La question du devenir des vignerons français se pose de plus en plus sérieusement. Même dans le terroir privilégié de Monbazillac, en Dordogne, les vignerons s'interrogent sur leur avenir incertain
Fabrice Camus est né dans le vin. Il représente la troisième génération installée à Monbazillac. Ce fils et petit-fils de viticulteur a grandi ici, a consacré toute sa vie à ces terres, à ces vignes. Il s'y est taillé une belle réputation, s'est lancé dans des expérimentations innovantes, a gagné des concours, a connu des questionnements, mais aussi les grandes satisfactions du métier. Pourtant, il fait partie de ces professionnels qui commencent à remettre en question ce qu'ils ont toujours connu. Pas pour lui, plutôt pour ses enfants.
Plutôt aller voir ce qui se fait ailleurs
Les derniers événements ont fini par avoir raison de l'enthousiasme et de la confiance dans l'avenir de Fabrice. "Les choses ont tellement évolué, pas forcément dans le positif, qu'on se pose la question, à savoir si c'est judicieux d'envoyer nos enfants au charbon et savoir comment ça va se passer pour eux", confie-t-il. "Donc effectivement là, les directives familiales ne sont plus vraiment à la reprise, mais sont plutôt à aller voyager, à aller voir ce qui se fait ailleurs".
Il y a toujours eu les aléas climatiques, les cours fluctuants, les charges qui augmentent et les attaques de phylloxéra ou de mildiou, mais rien qui ne justifiait jusqu'alors d'abandonner le métier de la vigne. Aujourd'hui pourtant, le ton change. Même dans les terroirs dont la réputation semblait mettre les heureux producteurs à l'abri, comme dans cette belle région du bergeracois.
Le blues bio du blanc
Ceux qui ont parié sur le bio partagent aussi ces doutes sur l'avenir. Depuis le Covid, les ventes peinent à décoller, et les efforts n'ont pas été récompensés. Comme pour ce producteur qui a dû se résoudre à vendre son vin bio au prix du conventionnel. "C'est à la fois triste et rageant, parce qu'on a mis toute l'implication qu'il fallait pendant la saison pour produire du vin bio, pour cultiver du raisin bio, pour entretenir un vignoble en bio. Et au moment de le vendre, on est obligé de le déclasser", se lamente Grégoire Gillet.

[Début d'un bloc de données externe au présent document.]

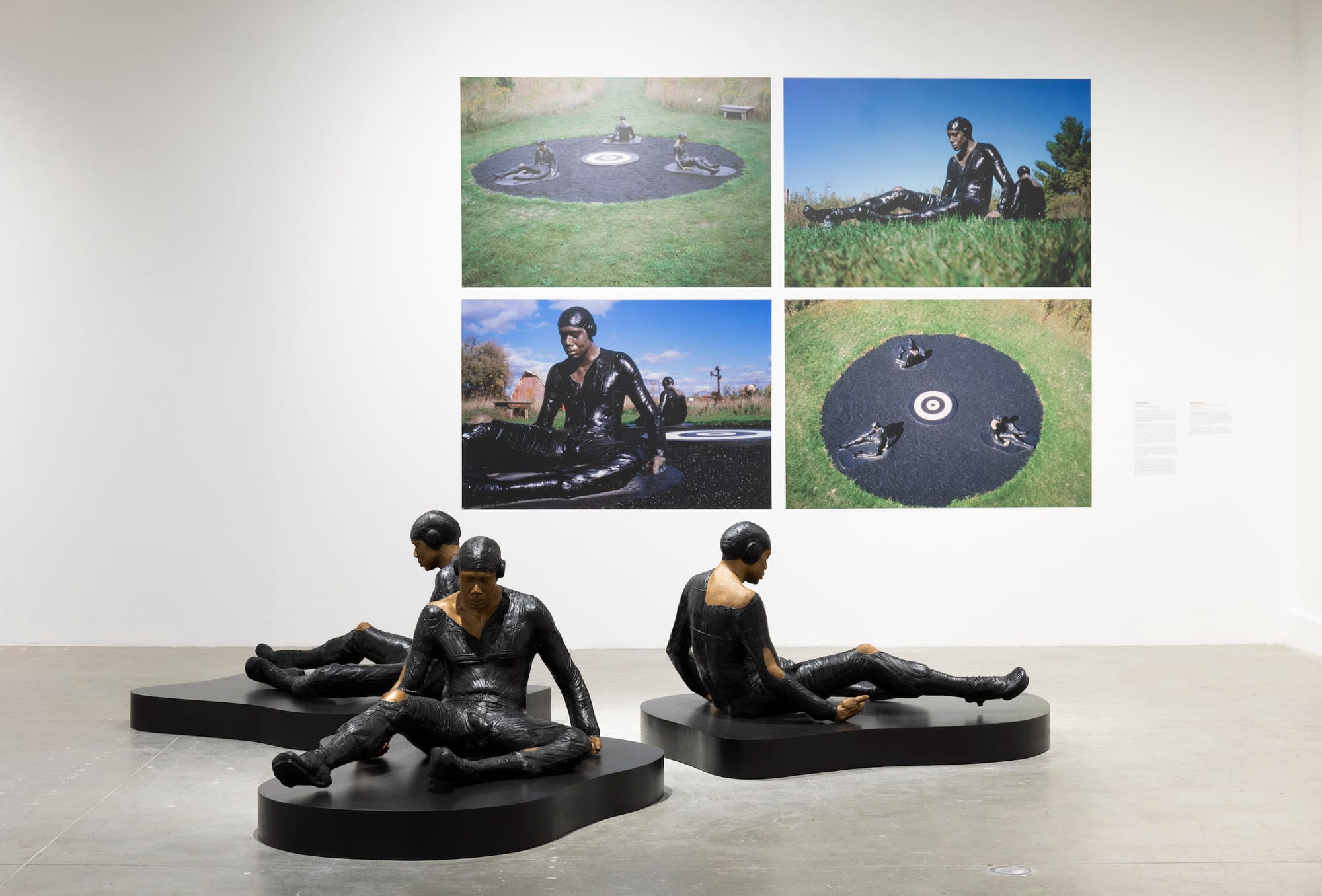 Foreground: Michael Richards, "Are You Down?" (1999), resin, metal, tar. 3 elements, each 48 x 60 x 60 inches; wall: Michael Richards, "Are You Down?" (2000), fiberglass, bonded bronze, resin, concrete, black beauty sand, installed at Franconia Sculpture Park (photo courtesy the Museum of Contemporary Art, North Miami and The Michael Richards Estate)

Les vignes noyées dans la paperasse
Chez les plus jeunes professionnels, pas plus d'optimisme. Installé depuis 2018, le pari de Kévin Jarzaguet n'a guère été plus payant. Lui a misé sur l'accroissement de son activité pour faire décoller son chiffre d'affaires. Il n'est parvenu qu'à le maintenir au niveau précédent. Aujourd'hui, il doit exploiter 85 hectares, et ne se permet en contrepartie qu'un revenu de 1 800 euros mensuel. Dans le même temps, son travail est de plus en plus plombé par les tracasseries administratives. "L'an dernier, j'ai eu trois contrôles en un an. J'ai eu les Douanes, la Draf, la MSA et à chaque fois, ce sont des mois, des semaines de justificatifs à sortir", peste-t-il.
Je perds des semaines entières de travail aujourd'hui avec ça !

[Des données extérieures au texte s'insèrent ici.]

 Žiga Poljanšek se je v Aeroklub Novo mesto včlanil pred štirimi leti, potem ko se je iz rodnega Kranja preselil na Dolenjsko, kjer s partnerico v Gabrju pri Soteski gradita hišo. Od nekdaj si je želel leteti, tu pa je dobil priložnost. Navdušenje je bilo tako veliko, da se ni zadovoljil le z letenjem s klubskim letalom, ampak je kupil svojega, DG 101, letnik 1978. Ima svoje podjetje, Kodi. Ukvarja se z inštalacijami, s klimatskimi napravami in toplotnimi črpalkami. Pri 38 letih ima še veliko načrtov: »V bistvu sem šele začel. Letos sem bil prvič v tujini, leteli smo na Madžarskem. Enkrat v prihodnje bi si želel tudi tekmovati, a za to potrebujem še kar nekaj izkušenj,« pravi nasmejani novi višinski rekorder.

Kévin JarzaguetViticulteur
Les vins d'importation en embuscade
Et comme si les difficultés locales ne suffisaient pas, la menace la plus terrible vient des vins étrangers. Des vins moins régulés, dont la production coûte moins cher, plus offensifs commercialement et auxquels les revendeurs et la grande distribution font les yeux doux. Leurs intérêts financiers, sans états d'âme patriotique, les poussent à écarter la production locale au profit d'autres sources plus lucratives, et à détourner petit à petit les goûts des consommateurs.
Le vin, ultime bastion de l'agriculture française bientôt à terre ?
"La viticulture, on ne se sent pas autant dans le dur pour l'instant, mais ce n'est qu'une question de temps, de quelques années" prédit sombrement Matthieu Simon, un autre viticulteur qui tente de lutter avec ses collègues contre cet envahissement acharné de la concurrence étrangère.
Sans réaction rapide et surtout efficace, la France pourrait bien voir sombrer à son tour l'un de ses derniers fleurons agro-alimentaires les plus prestigieux. Le symbole d'une France qui rayonne à l'étranger, devenu un trophée de plus à ranger dans l'armoire des gloires passées du pays.